The Supreme Court's ruling on the Affordable Care Act represents a big victory for President Obama and will generate plenty of discussion and debate on the merits of that legislation and of the court's action. But this victory can't rescue Obama from the fundamental politics of the issue—or his own approach to the presidency. Few presidents have sought to change the country's direction with so much audacity mixed with so little understanding of what it takes to actually do so. The Affordable Care Act reflects this fundamental reality of the Obama presidency.

With his talk of audacity and his actual audacious decision-making in the early months of his presidency, Obama made clear his resolve to join the ranks of those presidential greats who transformed the country's political landscape and set it upon a new course. But this cannot be done through mere force of will or by manipulating the levers of legislative procedure or by mustering the full force of partisan unity—all of which Obama did to enact his health legislation. That he succeeded in pushing through Congress such an overwhelmingly unpopular measure is testament to his political doggedness but also to his political nescience.

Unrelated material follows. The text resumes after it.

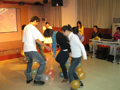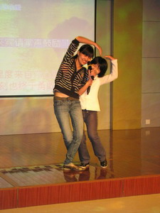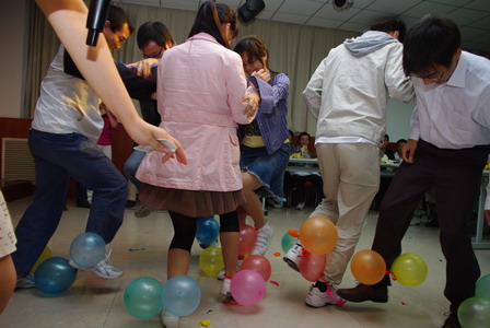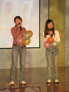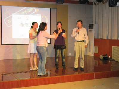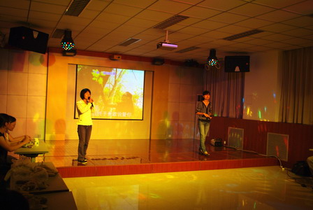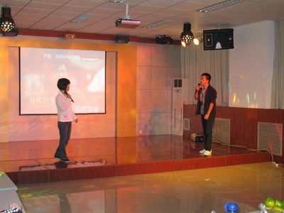 晚会在新生组合非常“4+3”的舞蹈——Para Para 樱之花下绽放开来。他们激情满怀,阳光动感,舞出了这个硕果累累的季节,人们丰收的喜悦,也舞热了台下同学们的心。千年中秋,巧遇祖国60华诞,月圆人圆情更圆——歌曲《花好月圆夜》《但愿人长久》,唱响了我们的美好生活。情歌《糊涂的爱》、《披着羊皮的狼》、《说爱你》、《你的眼神》、《冰雨》和《小芳》,演绎着不同的爱情。相声,是一种语言艺术,讲究说、学、逗、唱,邵定夫同学拿着班上大多数南方人普通话话发音不准开刷,抖着身边同学的身边事……艺术来源于生活,又高于生活!他的单口相声《说》,逗笑了全场的观众,赢得了阵阵的掌声!唐海宾的《超级魔术》看的大家意犹未尽,竞相猜测魔术背后的玄机。吉他伴奏歌曲《狮子座》和《童年》,帅气的男生用他们的吉他和歌声,深深打动了观众的心。游戏《踩气球》和《心有灵犀默契大比拼》,全场人声沸腾,师生同乐一堂,带动整场晚会走向最高潮……

The greatest presidents didn't seek to transform the balance of political sentiment in the country by enacting bold and direction-altering legislation. It was quite the opposite: they first transformed the balance of political sentiment in the country in order to enact their seminal legislation.

Consider Lyndon Johnson's grand accomplishment in enacting civil-rights legislation in 1964. At the time, Democrats commanded 258 House seats and sixty-seven in the Senate. Johnson and his congressional allies (both Democrats and Republicans) managed to scramble the political fault lines in both houses in a way that ensured this nation-changing legislation could pass both chambers with substantial majorities among both Republicans and Democrats. Thus, he transformed the national consensus on race and ensured that his accomplishment would stick. 

By contrast, Obama had sixty Senate Democrats (including two independents who caucused with Democrats) and 242 House Democrats, and yet he felt comfortable pushing through Congress legislation of the highest magnitude on an almost strictly partisan basis.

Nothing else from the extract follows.